■ **Work required**
Leave every image out, and print the remaining lines below exactly.

■ **Exercise data**

^^^^^^^^

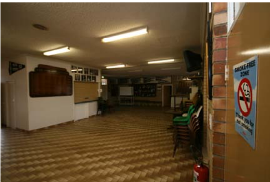
Lake King Sports Pavilion entry end of venue (view from main doors)
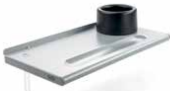
multi storage board NV-MSB-99
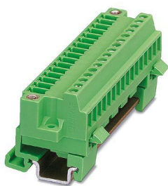
The figure shows a 16-position version

DIN rail connector, nominal cross section: 1.5 mm 2 , color: green, nominal current: 8 A, rated voltage (III/2): 160 V, contact surface: Sn, contact connection type: Pin, number of potentials: 6, number of rows: 1, number of positions: 6, number of connections: 6, product range: MCVK 1,5/..-GF, pitch: 3.81 mm, connection method: Screw connection with tension sleeve, screw head form: L Slotted, mounting: DIN rail mounting, conductor/PCB connection direction: 0 °, plug-in system: COMBICON MC 1,5, locking: Screw locking mechanism, mounting method: Threaded flange, type of packaging: packed in cardboard

^^^^^^^^

■ **Written answer**
Lake King Sports Pavilion entry end of venue (view from main doors)
multi storage board NV-MSB-99
The figure shows a 16-position version

DIN rail connector, nominal cross section: 1.5 mm 2 , color: green, nominal current: 8 A, rated voltage (III/2): 160 V, contact surface: Sn, contact connection type: Pin, number of potentials: 6, number of rows: 1, number of positions: 6, number of connections: 6, product range: MCVK 1,5/..-GF, pitch: 3.81 mm, connection method: Screw connection with tension sleeve, screw head form: L Slotted, mounting: DIN rail mounting, conductor/PCB connection direction: 0 °, plug-in system: COMBICON MC 1,5, locking: Screw locking mechanism, mounting method: Threaded flange, type of packaging: packed in cardboard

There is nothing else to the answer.